UK - Companies will have to put £10bn a year into schemes over the next decade to plug their growing FRS17 deficits, Watson Wyatt claims.
Watson Wyatt’s research – which covered the consultant’s client list and all the companies in the FTSE100 – found that the combined FRS17 deficit for all firms ballooned from £10bn at the end of 2001, to £130bn at the end of 2002.
Watson Wyatt partner Robert Hails said that even when a “more reasonable” approach to funding was used, companies still had an aggregate shortfall of £65bn.
He added: “If the value of equities doesn’t recover in the short-to-medium term, then the additional contributions that companies will have to make could be up to £10bn a year over the next 10 years.”

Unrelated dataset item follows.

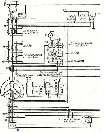 Реле 5 действует на отключение или подает сигнал о действии защиты и шунтирует обмотку реле 1, которая не рассчитана на длительный ток. Для удобного присоединения цепей защиты к поврежденному генератору устанавливается рубильник 3. Вольтметр 7 и кнопка 8 служат для настройки защиты, а кнопка 9 для деблокировки схемы после срабатывания защиты.
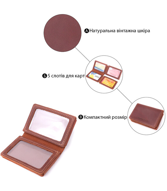 Описание Стильная обложка на автодокументы в винтажной коже GRANDE PELLE 22874 Светло-коричневая

Lane Clark & Peacock partner Alex Waite thought that the growing deficit would force more companies into either closing their defined benefit schemes or cutting benefits.
“The question you’ve got to ask is are companies going to actually fund that £130bn hole or is it going to turn out to be that members are not going to get their benefits.”

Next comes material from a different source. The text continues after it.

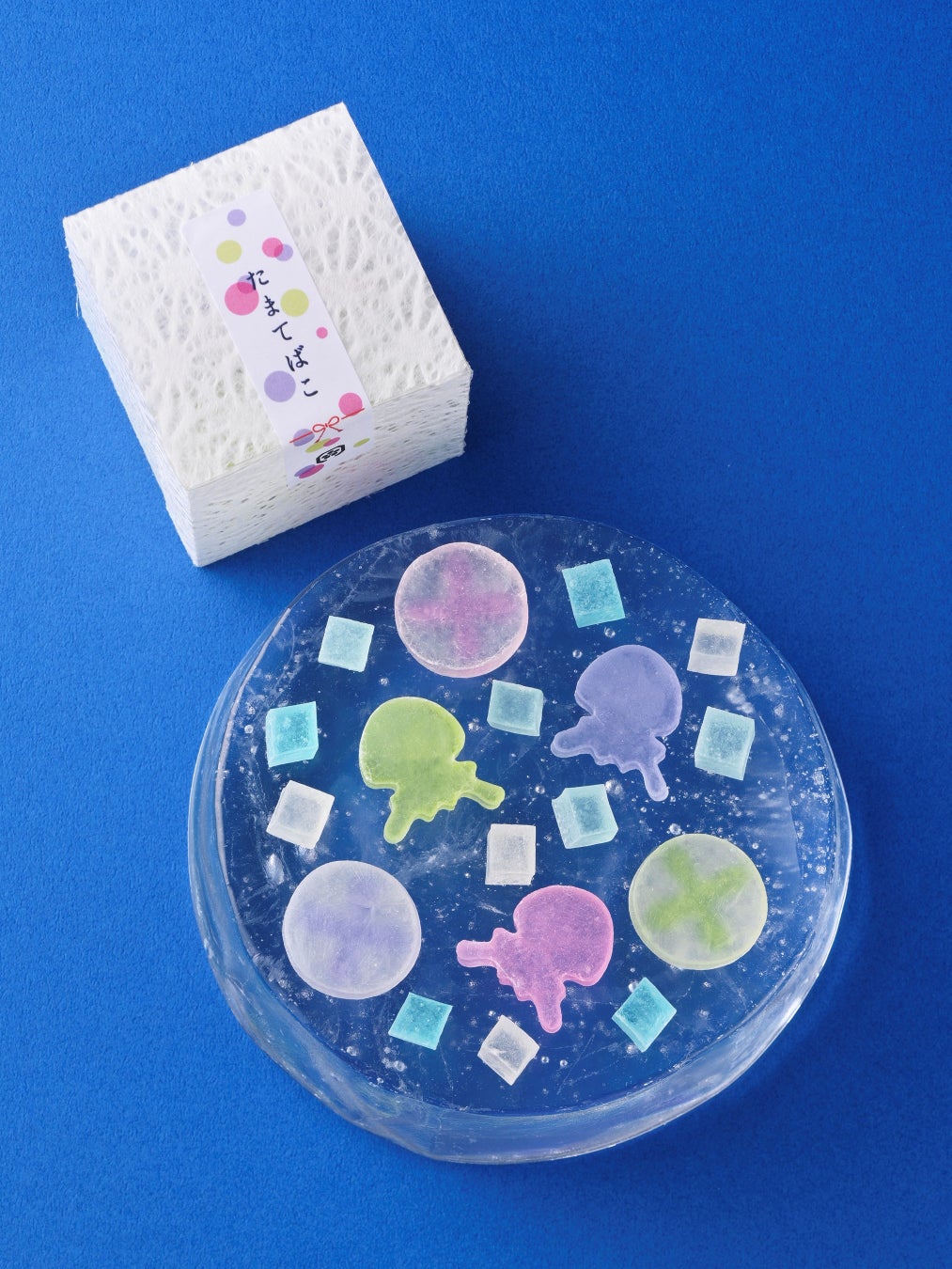 玉手箱を開けると色とりどりのクラゲたちがお出迎え。色ごとに異なる風味は5種。りんご風味、ぶどう風味、ミント風味、桃風味、ソーダ風味。

Separate research carried out by actuarial consultants and pensions specialists, UBSL calculated that FTSE100 companies’ pension schemes alone have lost £68bn in value since the start of 2002 taking their overall pension fund deficits at December 31 to £72bn.

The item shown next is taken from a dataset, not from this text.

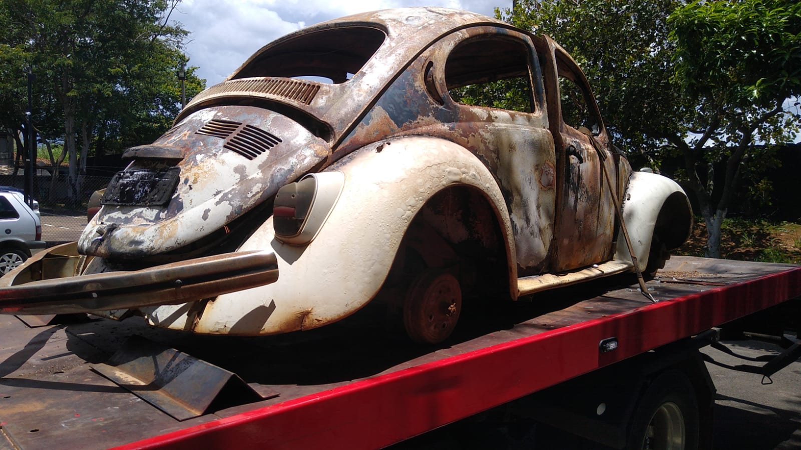 A PM foi acionada no local e constatou que o Fusca queimado era produto de furto. A ocorrência foi encaminhada à Central de Polícia Judiciária, onde compareceu a vítima.
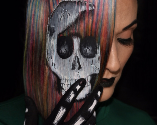 When I asked Romano what got her started with hair art she said ” The image below is actually the very first thing I ever painted on hair! It was late at night, on Christmas Day I believe. It was a make or break moment! I had this idea to paint on hair using body paint and I thought “ok well let’s see if this will actually work or not”! And it did! And the rest is history!

UBSL director Rob Dales said worst fears of many FTSE100 finance directors were realised after they saw their pension shortfalls grow by £13bn in the last quarter of 2002
*Worldwide institutional pension fund assets have fallen for the third consecutive year, Watson Wyatt says.
Total scheme assets last year fell 12% or US$1.4trn (£871.3bn) to US$10.7trn – levels last seen in 1997.
Watson Wyatt global head of investment practice Roger Urwin said: “Although it is anticipated this trend is not likely to continue, most funds face difficult decisions and will turn to either higher contributions, changed investment strategies or revised benefits or a combination to restore balance sheet strength.”